What the exercise asks
An exact copy of the records is required, minus the pictures they hold.
————————
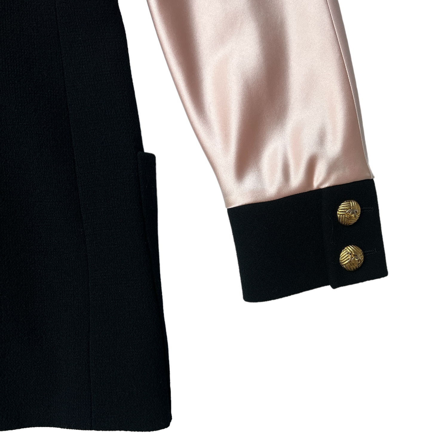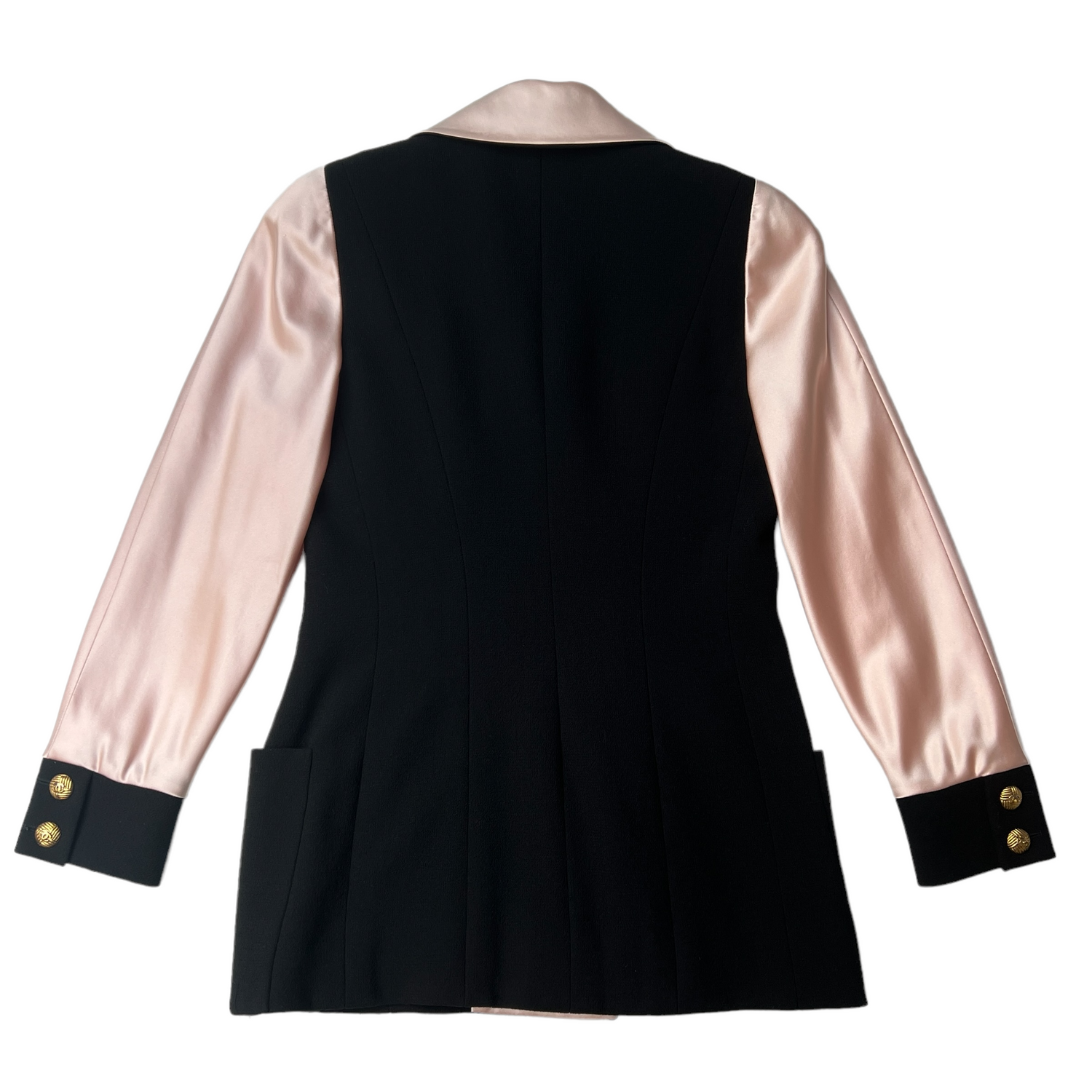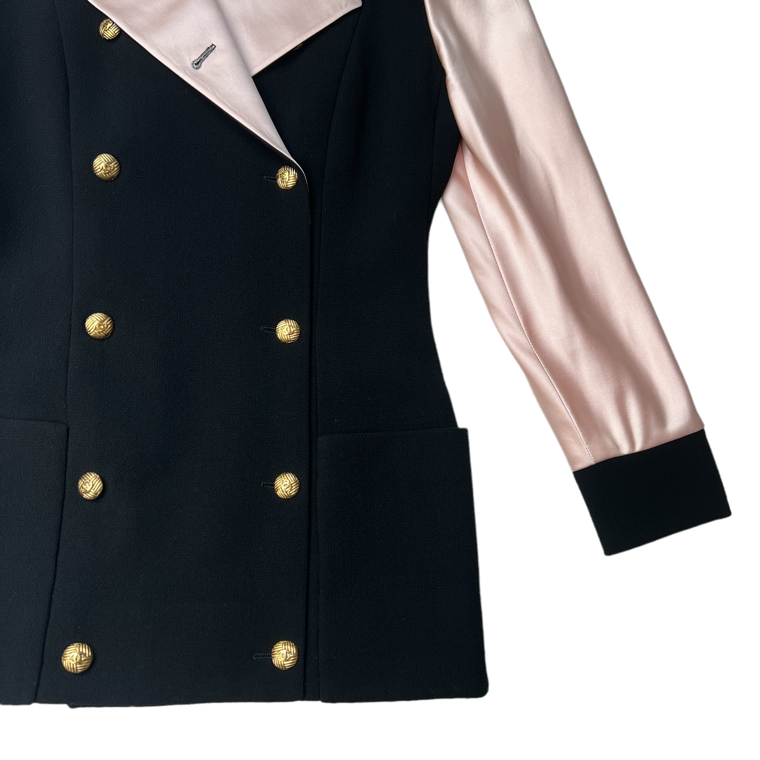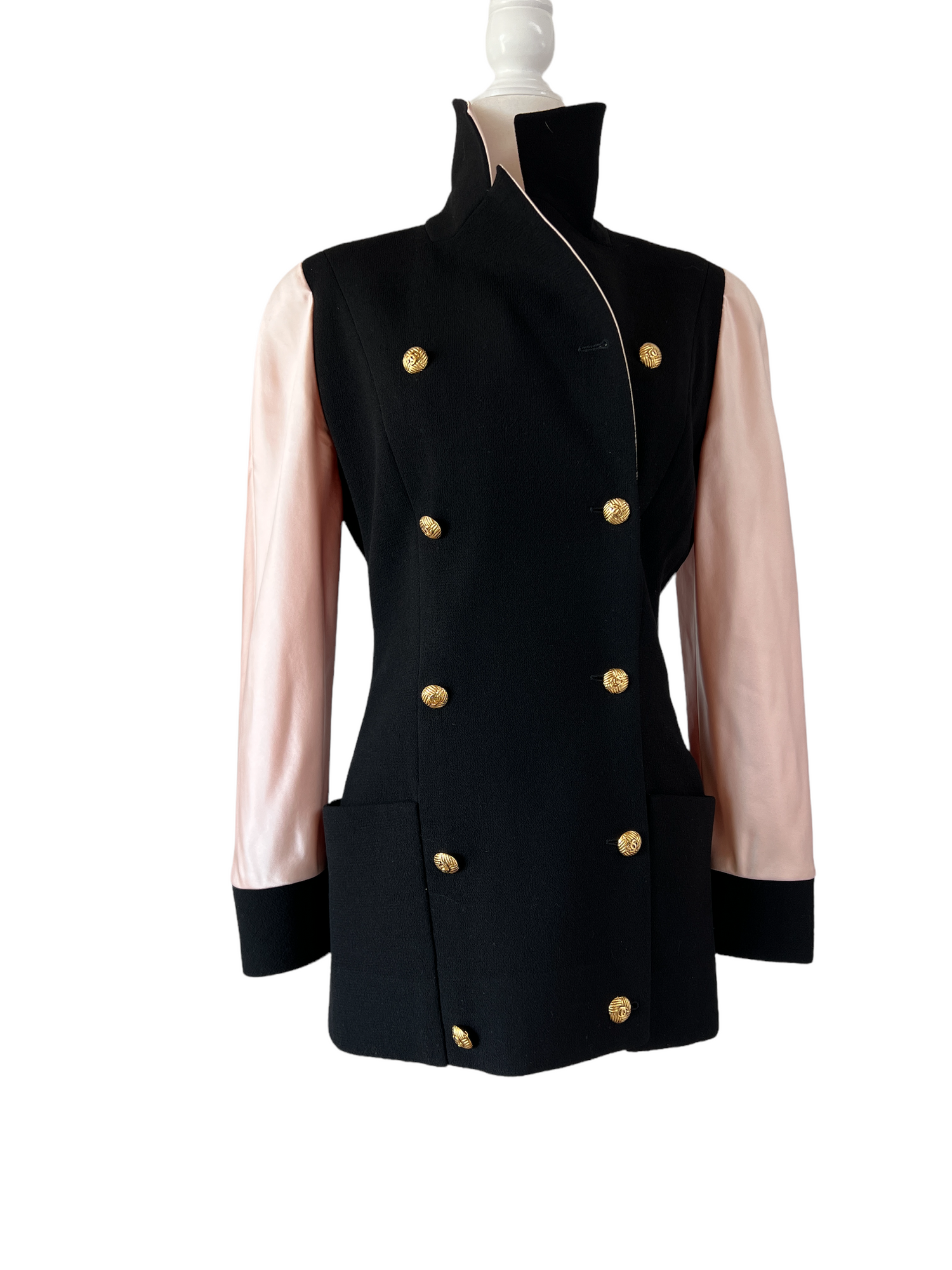 Vintage Chanel Blazer from 1990. Black wool and Light pink silk. Gold tone buttons. Incredible style worn open or closed. The collar can be left down and relaxed or worn up for an elevated, elegant style! Size 38.
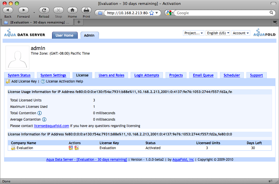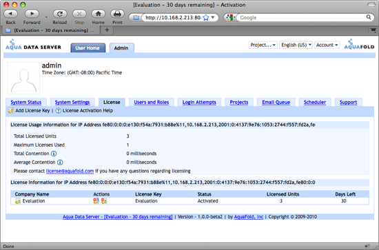 A key administrative aspect of managing Aqua Data Server is ensuring that you have sufficient licenses to cover all activity in the system. License enforcement in Aqua Data Server is based on thread count and is not based on user or processor count. The License Management interface provides a central place to view and manage all of your licensing information. If you have any questions regarding licensing or would like to purchase a license, please contact license@aquafold.com.
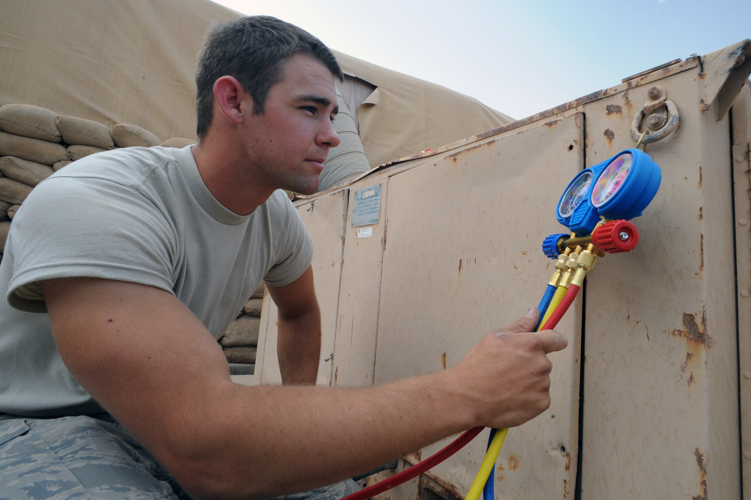 ALI BASE, Iraq -- Airman Tyler Howells, 407th Expeditionary Civil Engineering Squadron air conditioning apprentice, reads manifold gages to check the refrigerant levels of an air conditioning system here May 6. He was selected as the 407th Air Expeditionary Group Warrior of the Week for the week of May 5 and is deployed from Eielson AFB, AK. (U. S. Air Force photo / Tech. Sgt. Sabrina Johnson)
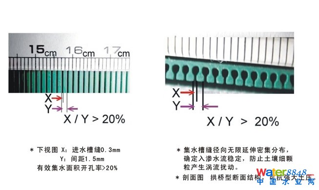 為1mm,而溝槽寬度只有0.3mm,會產(chǎn)生毛細現(xiàn)象,迫使水流由下往上自行倒吸進入毛細管內(nèi),而土壤中被水流夾帶之顆
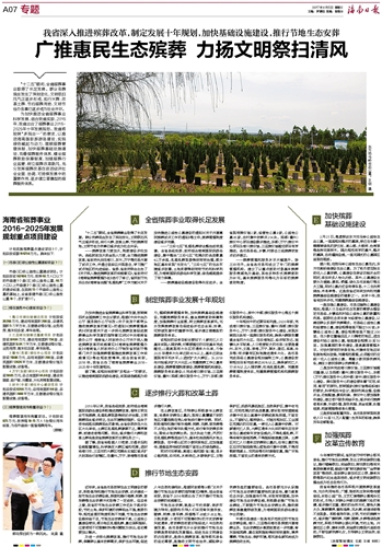 ——殡葬改革力度加大,制度建设步伐加快。各级财政加大资金投入力度,全力推进殡葬改革,省政府先后在海口、东方、万宁等市县开展了试点工作,并通过组织召开现场会,学习推广试点地区的先进经验。省委、省政府联合出台了《关于深入推进殡葬改革的实施意见》,省政府对《海南省殡葬管理办法》进行了修订,省民政厅先后出台《海南省治理“乱埋乱葬”工作方案》《关于加快推进公益性公墓建设的通知》《关于开展惠民殡葬试点工作的通知》等文件,殡葬管理制度建设逐步完善。
————————
Solution for this exercise
 Vintage Chanel Blazer from 1990. Black wool and Light pink silk. Gold tone buttons. Incredible style worn open or closed. The collar can be left down and relaxed or worn up for an elevated, elegant style! Size 38.
 A key administrative aspect of managing Aqua Data Server is ensuring that you have sufficient licenses to cover all activity in the system. License enforcement in Aqua Data Server is based on thread count and is not based on user or processor count. The License Management interface provides a central place to view and manage all of your licensing information. If you have any questions regarding licensing or would like to purchase a license, please contact license@aquafold.com.
 ALI BASE, Iraq -- Airman Tyler Howells, 407th Expeditionary Civil Engineering Squadron air conditioning apprentice, reads manifold gages to check the refrigerant levels of an air conditioning system here May 6. He was selected as the 407th Air Expeditionary Group Warrior of the Week for the week of May 5 and is deployed from Eielson AFB, AK. (U. S. Air Force photo / Tech. Sgt. Sabrina Johnson)
 為1mm,而溝槽寬度只有0.3mm,會產(chǎn)生毛細現(xiàn)象,迫使水流由下往上自行倒吸進入毛細管內(nèi),而土壤中被水流夾帶之顆
 ——殡葬改革力度加大,制度建设步伐加快。各级财政加大资金投入力度,全力推进殡葬改革,省政府先后在海口、东方、万宁等市县开展了试点工作,并通过组织召开现场会,学习推广试点地区的先进经验。省委、省政府联合出台了《关于深入推进殡葬改革的实施意见》,省政府对《海南省殡葬管理办法》进行了修订,省民政厅先后出台《海南省治理“乱埋乱葬”工作方案》《关于加快推进公益性公墓建设的通知》《关于开展惠民殡葬试点工作的通知》等文件,殡葬管理制度建设逐步完善。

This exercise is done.